_What this task involves_
The whole listing, apart from its images, should be restated word for word.

_Data below_
- - -
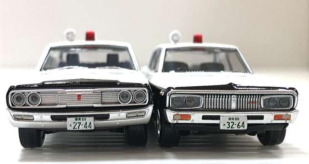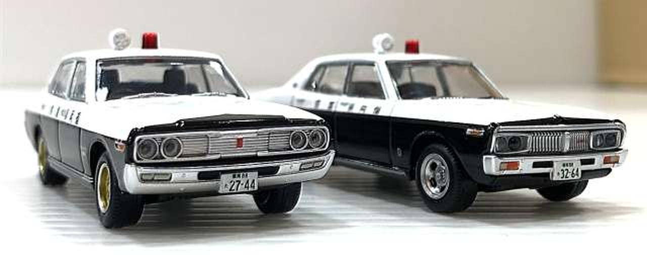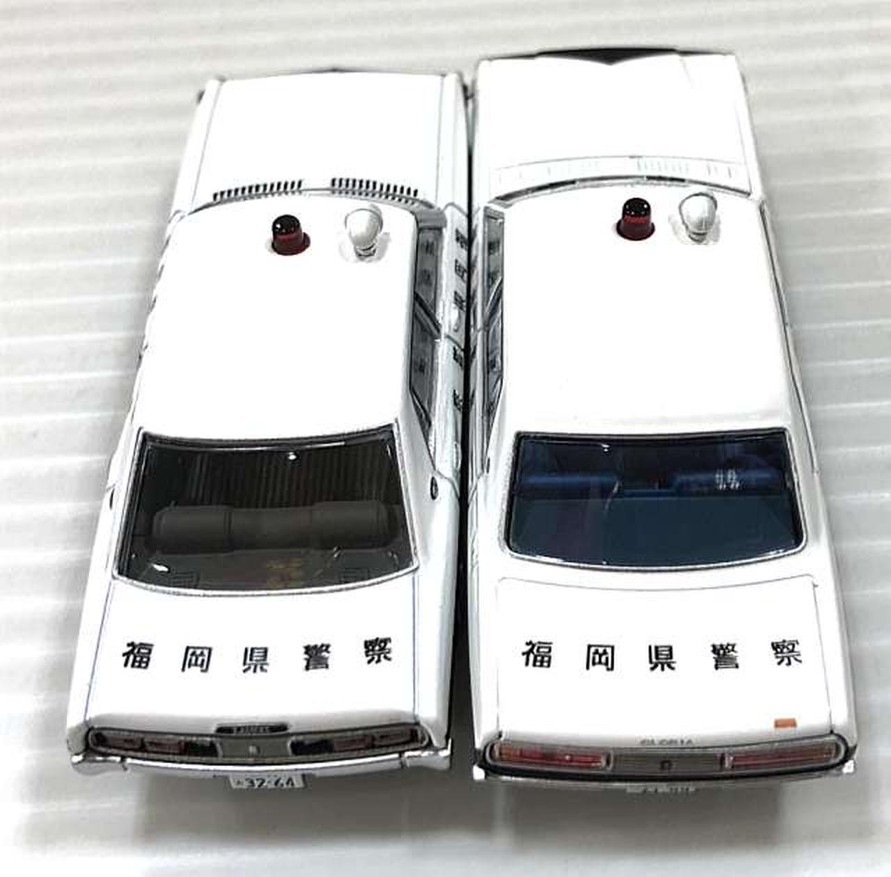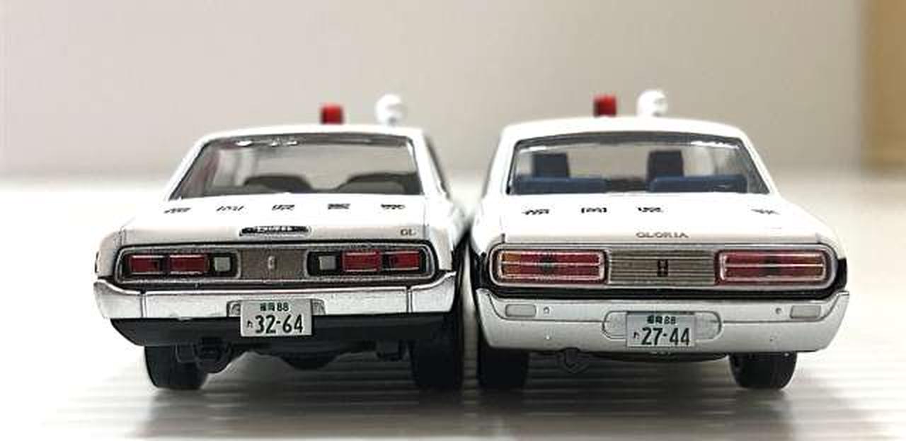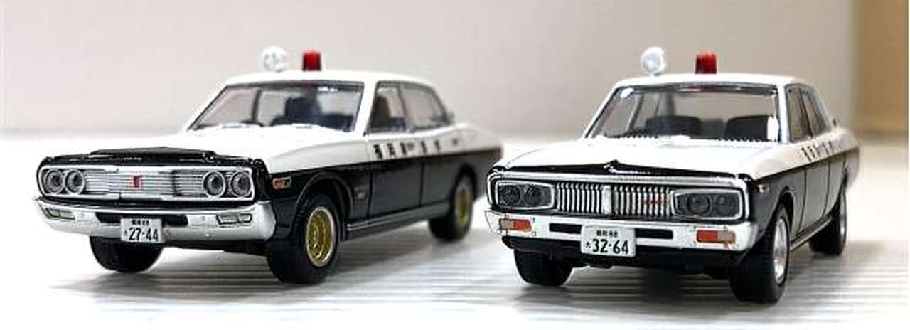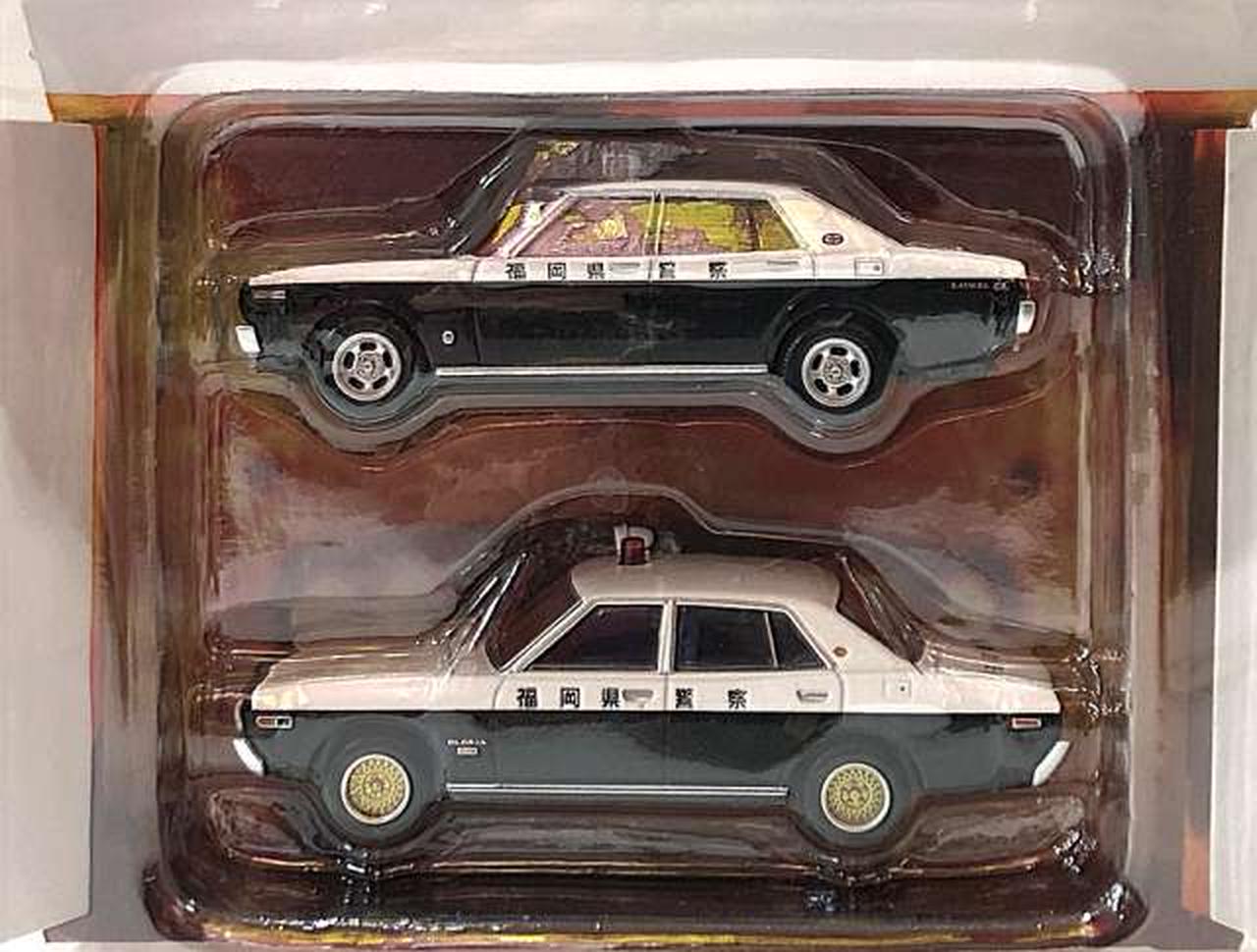 今回は、2代目ローレルセダンをベースにしたパトカー(おそらく「博多北23号」と思われる車両)と、それを飛び越える大アクションを演じた 230型グロリアのパトカーです。 |
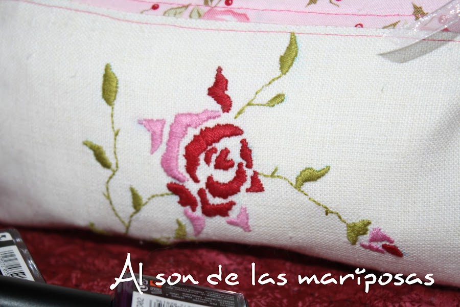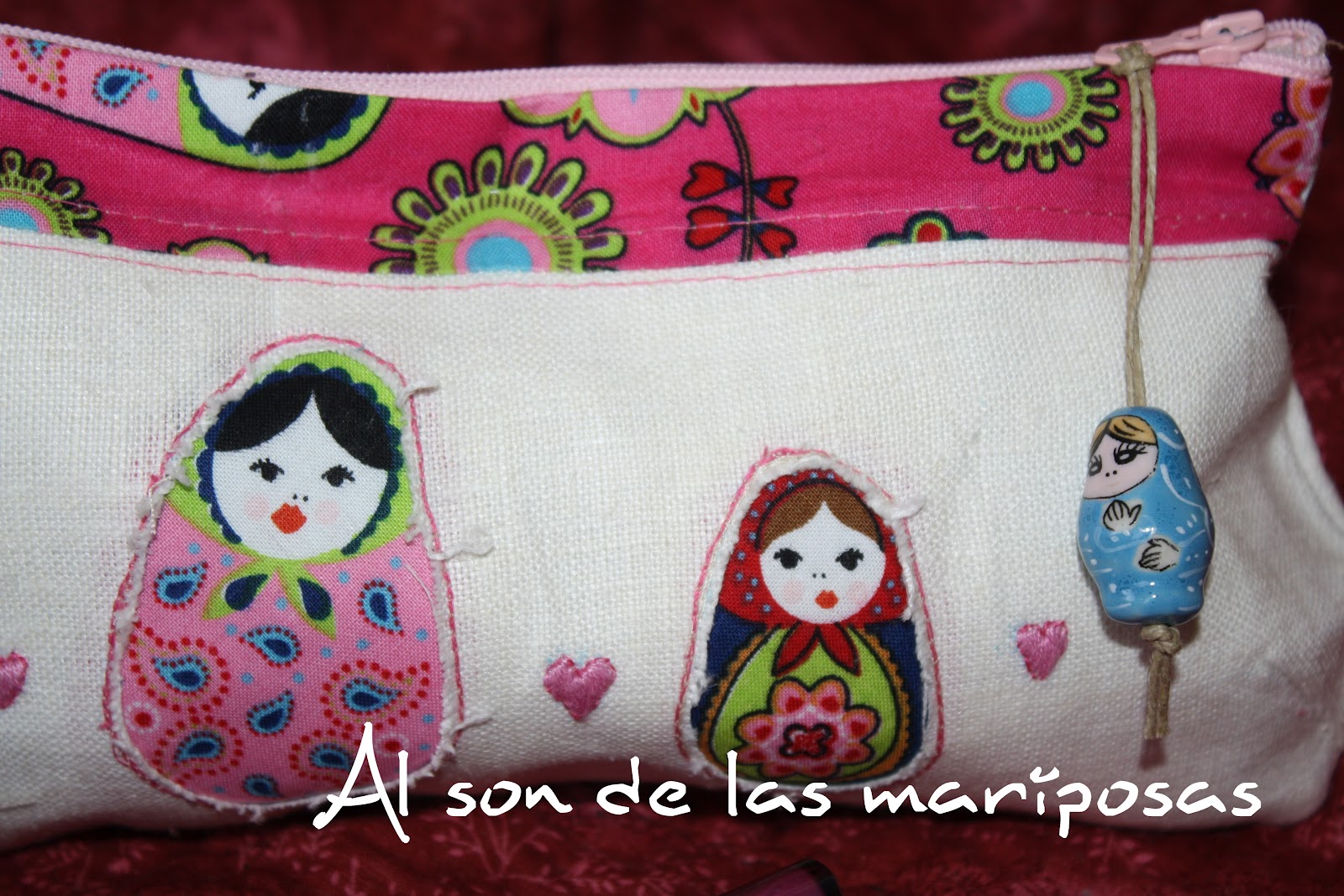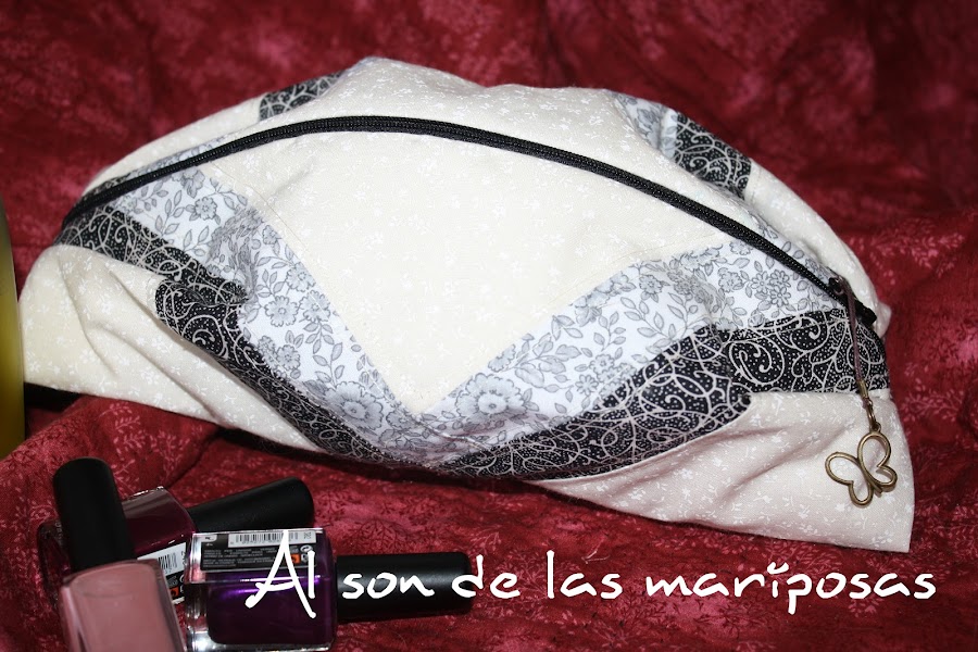 Neceser patchwork. Telas de algodón, acolchado a máquina. Forro tela de algodón. Tirador mariposa metálica.
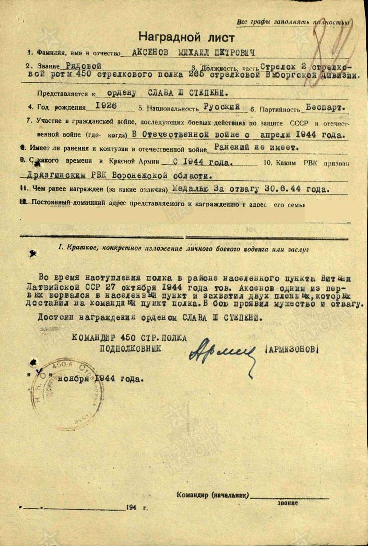 | Аксенов Михаил Петрович | Рядовой (сержант), стрелок 1-ой стрелковой роты (командир отделения 3-го батальона) 450-го стрелкового полка 265-й стрелковой дивизии Родился 3 ноября 1926 года в селе Васильевка Куликовской волости Усманского уезда Тамбовской губернии (ныне Усманский район Липецкой области) Призван в августе 1942 года Дрязгинским РВК Воронежского области Награжден медалью "За оборону Ленинграда" За действия при штурме линии Маннергейма в районе д. Кархула (ныне Дятлово Выборгского района Ленинградской области) награжден медалью "За отвагу" (фрагмент Приказа о награждении) Орденом Славы III степени 5 ноября 1944 года - за действия в районе н.п. Витыни и Видаучи при штурме города Ауце Латвийской ССР Орденом Красной Звезды 29 июня 1945 года - за действия в районе городов Реец (ныне Реч, Польша), Шифельбайн (ныне Свидвин, Польша) в Померании и при штурме Берлина Также награжден медалями "За взятие Варшавы", "За взятие Берлина", "За победу над Германией" После войны с 1948 года жил и работал в Черновцах Молдавской ССР, с 1951 года - в Бугульминском районе Татарской АССР, с 1958 года - в Челябинске |
- - -
_Exercise response_
 今回は、2代目ローレルセダンをベースにしたパトカー(おそらく「博多北23号」と思われる車両)と、それを飛び越える大アクションを演じた 230型グロリアのパトカーです。 |
 Neceser patchwork. Telas de algodón, acolchado a máquina. Forro tela de algodón. Tirador mariposa metálica.
 | Аксенов Михаил Петрович | Рядовой (сержант), стрелок 1-ой стрелковой роты (командир отделения 3-го батальона) 450-го стрелкового полка 265-й стрелковой дивизии Родился 3 ноября 1926 года в селе Васильевка Куликовской волости Усманского уезда Тамбовской губернии (ныне Усманский район Липецкой области) Призван в августе 1942 года Дрязгинским РВК Воронежского области Награжден медалью "За оборону Ленинграда" За действия при штурме линии Маннергейма в районе д. Кархула (ныне Дятлово Выборгского района Ленинградской области) награжден медалью "За отвагу" (фрагмент Приказа о награждении) Орденом Славы III степени 5 ноября 1944 года - за действия в районе н.п. Витыни и Видаучи при штурме города Ауце Латвийской ССР Орденом Красной Звезды 29 июня 1945 года - за действия в районе городов Реец (ныне Реч, Польша), Шифельбайн (ныне Свидвин, Польша) в Померании и при штурме Берлина Также награжден медалями "За взятие Варшавы", "За взятие Берлина", "За победу над Германией" После войны с 1948 года жил и работал в Черновцах Молдавской ССР, с 1951 года - в Бугульминском районе Татарской АССР, с 1958 года - в Челябинске |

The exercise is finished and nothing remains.